A little bit about the Company
• The Company is promoted by Punjab National Bank – which owns 74.07% of the Company.
• The business of the Company is as a “Primary Dealer” for Government Securities. There are not many of these around (one has to be licensed for this) and it is the only publically listed one.
• The Company is not your typical Non-Banking Financial Institution. It lends to nobody, borrows from nobody. If you check its balance sheet, it has zero long-term liabilities. So there is obviously no question of NPAs etc.
• The entire Business is available for a total consideration of Rs. 432 Crores in the Open Market as of this moment. That is at Rs. 24 per share of the Company.
• The “Liquidation Value” of the Company (that is Current Assets less ALL liabilities) is a little above Rs. 726 Crores – that is Rs. 40.34 per share. Out of this Rs. 23 per share is held is Cash and Rs. 17 per share in the form of Government Securities. Once again, this is after deducting ALL liabilities – that is, assuming that all of the short term borrowings are “settled”.
That is 68% above the Market Capitalization of the Company.
• The shareholder’s equity in the Company is Rs. 742.55 Crores. That is a Book Value of Rs. 41.25 per share.
So here is the play.
• The Company makes short term borrowings – way in excess of their Equity – to purchase Government Securities to “underwrite” (to sell as a wholesaler) and also trades them on their own account.
In any case, they have a Capital Adequacy Ratio of 65% - so they have tons of space to if need ever be.
• As per the Balance Sheet, the Company held about Rs. 3,508 Crores in these Government Securities on their “Current Investments”. This I am assuming is their Inventory for underwriting and trading.
• So the simple point that needs to be analyzed is whether there is a possibility (or analyze the subjective probability) of the company losing Rs. 306 Crores (that is Rs. 17 per share to get to the CMP) on their Inventory of Government Securites. That is a humungous 10% loss on their holdings of Long Term GOI Bonds. It is really not that simple to lose that kind of money on Government Debt.

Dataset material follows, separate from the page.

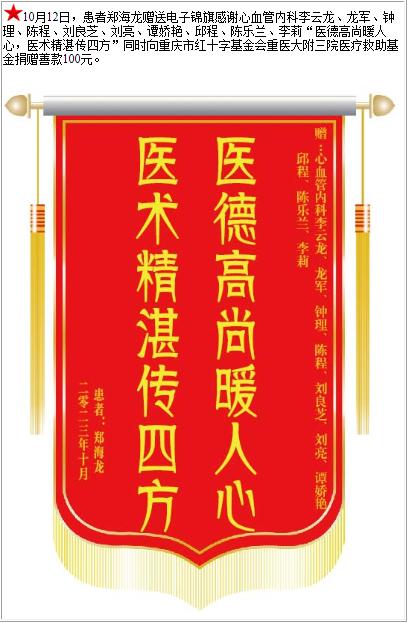 患者郑海龙赠送电子锦旗感谢心血管内科李云龙等人,并向医疗救助基金捐赠善款100元-锦旗-患者心声-患者服务-重庆医科大学附属第三医院【官方网站】

Because that is the only way that the market price of their shares can be justified. We must begin with the presumption that Markets are “efficient”.
• Just for the record, the Company – in atleast the last 15 years – has only made a loss once. A net loss of Rs. 68 Crores.
• Everything else is ‘noise’.
Their earnings per share is usually between Rs. 2 and Rs. 4 over the last 10 years. I doubt if any projections can be made to this end – since a lot of it is “trading” (read, “speculative”) income. That is not what is important or even relevant in this particular investment. In any case, I am pretty confident that the Indian Debt Market will only get exponentially bigger in years to come. That should be good for business.
They do have a long track record of paying pretty healthy Dividend too. At Rs. 1.50 last year – that yields a fantastic 6.25% at this price. Even assuming an average dividend of Re. 1 per share (considering the income last year was mush higher thanaverage) gives a yield in excess of 4%. That never hurts while you wait.
Plus they have grown at about 8% per year over the last decade (CAGR) and have a decent ROE of 12.42%. It is a decent business.
• End of the day their income – though once again, that is not what is important in this case – is a proxy on the interest rates. And on the whole, there is a widespread expectation of interest rates being cut in the near future. That should augur very well for the Company.
Let me know if I am missing something. If there is a ‘hole’ in my thesis.